Cardona “I don’t recall, no.”

This contrasts greatly with the reported notion that Keith Schembri was allegedly directly involved in these negotiations.


10:34 | Cardona insists that the first time he had seen this MoU was right before signing it. Prosecutor Rebekah Spiteri asks why he had signed it if he had no idea what it contained before signing, and he says that all he knew was that there was a general intent to collaborate on a project involving Barts Medical School and that, from a policy perspective, the government’s priority at the time (October 2014) was “medical tourism and academic excellence”.

The lofty claims about the value that were made about revenue generated from medical tourism was debunked as hogwash by the NAO when that office reviewed VGH’s bid, which perfectly matched the requirements already laid out to them in the MoU.


10:31 | Cardona answers further questions from magistrate Rachel Montebello about his role in the deal. He refers to a list of MoU documents signed through the auspices of Malta Enterprise, all of which were not followed through. He is comparing the hospitals concession MoU with the others on this list, downplaying the significance of the MoU and repeating arguments he had made when testifying during the public inquiry.

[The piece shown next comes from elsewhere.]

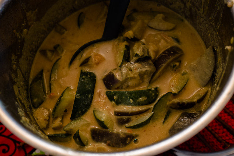 Paloittele kesäkurpitsa ja munakoiso kiekoiksi ja edelleen neljään osaan. Itketä niitä halutessasi hetki. Pilko tomaatti ja silppua sipuli. Kuumenna öljy pannulla tai kattilassa ja lisää curry sekä kesäkurpitsat, munakoisot ja sipulit. Paista kunnes ne saavat väriä. Lisää sitten tomaatti ja paistele vielä viitisen minuuttia. Lisää maapähkinövoi ja vesi, sekoita ja mausta suolalla. Anna kiehua kunnes kasvikset ovat kypsiä.

10:28 | Cardona disingenuously claims that the MoU in question was not followed through, contrary to what the NAO has already established through its independent audit. The NAO said that the MoU closely mirrors the final conditions which emerged from the actual request for proposals.

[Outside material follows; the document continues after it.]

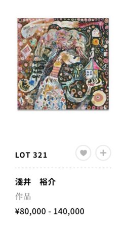 花井さんの作品は60cm台の作品が出品されることが多いですが、今回は91×91cmの作品です。前回のSBIでは65×65cmの作品が、1069万円で落札されました。海外での展示も増え、注目度も以前よりも増している事を考えるとかなり上がるのではないかと予想しています。
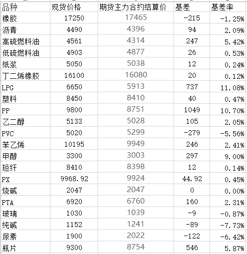 1、基差=现货价格-期货主力合约收盘价,基差率=基差/现货价格*100%2.品种 现货指的橡胶 下海天然橡胶均价

10:26 | Cardona: “This MoU was one of many which I signed as minister for the economy. I was only involved in signing these documents. Malta Enterprise was in my portfolio. They had a client – Barts – and this MoU was signed with the intent of establishing whether a business plan was going to be presented to government prior negotiations. Secondly, this MoU was also pegged to deliverables. I was solely asked to sign the memorandum – I had many of these on my desk, many of which would not be furthered.”


10:22 | Magistrate Rachel Montebello walks in, and after a quick roll call, Chris Cardona takes the stand as today’s first witness. Apparently, Cardona lives at an address in Madliena at the moment.

Prosecutor Rebekah Spiteri asks Cardona to testify about his involvement in the hospitals deal. After Cardona interjects to state he was only asked to testify about the memorandum of understanding (MoU) and not the deal at large, she asks him specifically about his involvement in the MoU.

Cardona says that he only saw the document once before signing it as minister for the economy and asks to see it again before facing questioning.


10:00 | Good Morning! Julian Delia and Michael Kaden are reporting live from Hall 22 again where the compilation of evidence against Joseph Muscat and Co continues this morning. Chris Cardona will be testifying.